Culturas

«El debate entre monarquía o república está traído a destiempo en plena zozobra»

«¡Dios, qué buen vasallo si hubiera buen señor!», dice el trovador del ‘Cantar de mio Cid’. El verso del poema épico reverbera en los oídos al hilo del actual debate entre monarquía y república que se vive en España. ¿Qué piensa al respecto el actor y académico José Luis Gómez, quien pone voz a las andanzas del Campeador? Para el fundador del Teatro de La Abadía, el dilema «entre monarquía o república es un debate traído a destiempo en un momento de zozobra».

Para el miembro de la Real Academia Española (RAE), es verdad que el Rey emérito ha incurrido en «errores graves de conducta personal», yerros que merecen la «censura pública». «Pero no es apropiado –alega– censurar esos comportamiento y olvidar los anteriores».

Gómez hizo estas aseveraciones durante la presentación a la prensa de tres pasajes del libro medieval sobre las aventuras de un guerrero, un personaje que ha fascinado a escritores y cineastas. Vestido con un terno negro y con el parco acompañamiento de un piano y de unos pocos instrumentos de percusión, Gómez se desenvuelve a sus 80 años con movimientos suaves y medidos, sin apenas despegar los pies del suelo para recrear el trote del caballo y embridarlo.
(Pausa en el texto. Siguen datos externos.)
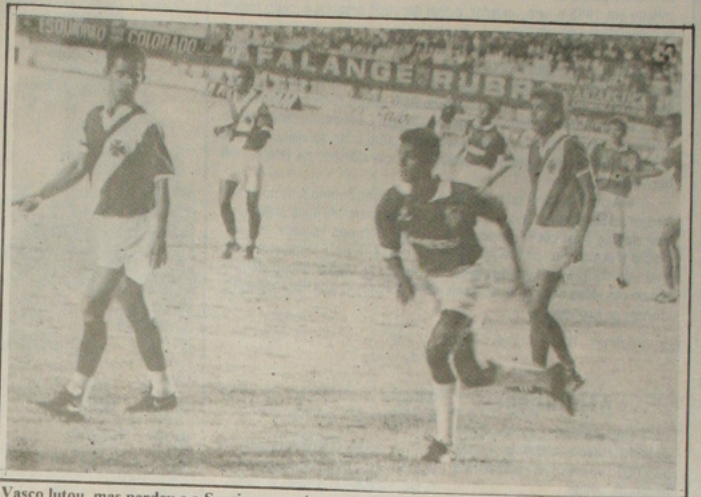
Vasco lutou, mas perdeu e o Sergipe conquista o título do segundo invicto

El Campeador cabalga de nuevo, esta vez en un espectáculo dirigido e interpretado por el tótem del teatro español. Del 20 al 29 de octubre, los espectadores podrán disfrutar de las aventuras de Rodrigo Díaz de Vivar, «un hombre leal a su señor, el rey Alfonso VI».

Cuando ocurrió el 23-F, Gómez recuerda que era director del Centro Dramático Nacional (CDN). Ese día de 1981, se interpretaba en el María Guerrero ‘La velada de Benicarló’, un texto original de Manuel Azaña, presidente de la II República durante la Guerra Civil. «En ese momento el Rey prestó un servicio inestimable a la democracia. Tanto los éxitos como los errores de Juan Carlos I forman parte de la misma persona y ningún ciudadano puede confundir las figuras públicas, que pasan, con las instituciones del Estado, que permanecen».

Azaña y el sonrojo

A Gómez le enervan los modales hoscos y la bronca en sede parlamentaria como las vividas esta misma semana, lances nada caballerosos que le han causado rubor y vergüenza. En un hombre tranquilo como él siempre están presentes las palabras que dijo Azaña en el Congreso durante una sesión especialmente tormentosa. «Ya que usted no se sonroja, permítame que yo lo haga por usted», evocó el gigante de la escena para citar al dirigente de Acción Republicana. «Muchos nos sonrojamos al ver el debate de hace unos días; me produce un gran pesar. Los ciudadanos normales vemos a los líderes como personas obligadas a demostrar una cierta ejemplaridad».

No le extraña esta actitud en un gremio, el de las fuerzas políticas y sociales, que exhibe con desfachatez sus prejuicios. «Nos llaman a las gentes de las artes en vivo ‘pedigüeños’, o ‘los de la ceja’, cuando las gentes del teatro son personas muy esforzadas, tenaces y trabajadoras», dice con indignación.

Lamenta el actor que un país como España, con más 46 millones de habitantes e ínfulas de creerse toda una potencia cultural, mire con anteojeras las políticas concernientes a las artes escénicas. «Nuestros gestores culturales no han visto nuestros teatros. Portugal tiene dos teatros estatales con un elenco fijo para varias temporadas. Lo mismo sucede con Europa del Este».

Muchos se ha escrito del Campeador, un personaje sujeto a toda suerte de distorsiones históricas. ¿Fue un guerrero ávido de riquezas?, ¿un inteligente estratega?, ¿un traidor?, ¿un mercenario? José Luis Gómez lo tiene claro: «fue un hombre leal a su rey. Y ya se sabe que cuando se quiebra la lealtad se produce una quiebra interna. No se olvide que en tiempos del Mio Cid lo que de verdad había era una guerra civil de españoles contra españoles».

Como documento literario del siglo XI, el cantar de gesta anónimo merece escucharse con las expresiones y pronunciación propias del Medievo. Puede que el significado de algunos vocablos se pierda casi un milenio después, pero Gómez cree que el resonar de un idioma antiguo es toda una «experiencia sensorial». «Solo por escuchar una lengua bellísima y rica hay que acercarse a La Abadía», sentencia.